REQUIRED WORK
Transcribe exactly, and only, the lines running from the one that contains "Mặt Dây Chuyền" through the last line of the material. No pictures.

SUPPLIED INFORMATION
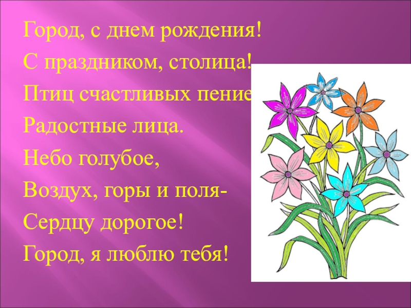 Город, с днем рождения!С праздником, столица!Птиц счастливых пение,Радостные лица.Небо голубое,Воздух, горы и поля-Сердцу дорогое!Город, я люблю тебя!
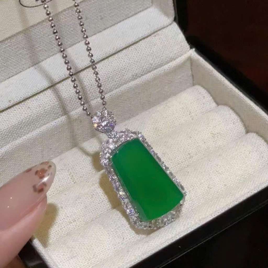 Mặt Dây Chuyền Ngọc Bích Đính Kim Cương Bạc Cao Cấp – Quý Phái, Sang Trọng, Tỏa Sáng Mọi Ánh Nhìn
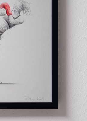 Du kannst die Knickboxerin mit Bleistift skizzieren und mit schwarzem Buntstift die dunklen Bereiche nachzeichnen. So ein skizzenhafter Charakter mit einigen schwungvollen Linien verleiht der Illustration eine gewisse Dynamik. Eine Akzentfarbe, wie hier das Rot der Boxhandschuhe, setzt gezielte Highlights und füllt die Zeichnung mit zusätzlicher Energie.

RESULT
 Mặt Dây Chuyền Ngọc Bích Đính Kim Cương Bạc Cao Cấp – Quý Phái, Sang Trọng, Tỏa Sáng Mọi Ánh Nhìn
 Du kannst die Knickboxerin mit Bleistift skizzieren und mit schwarzem Buntstift die dunklen Bereiche nachzeichnen. So ein skizzenhafter Charakter mit einigen schwungvollen Linien verleiht der Illustration eine gewisse Dynamik. Eine Akzentfarbe, wie hier das Rot der Boxhandschuhe, setzt gezielte Highlights und füllt die Zeichnung mit zusätzlicher Energie.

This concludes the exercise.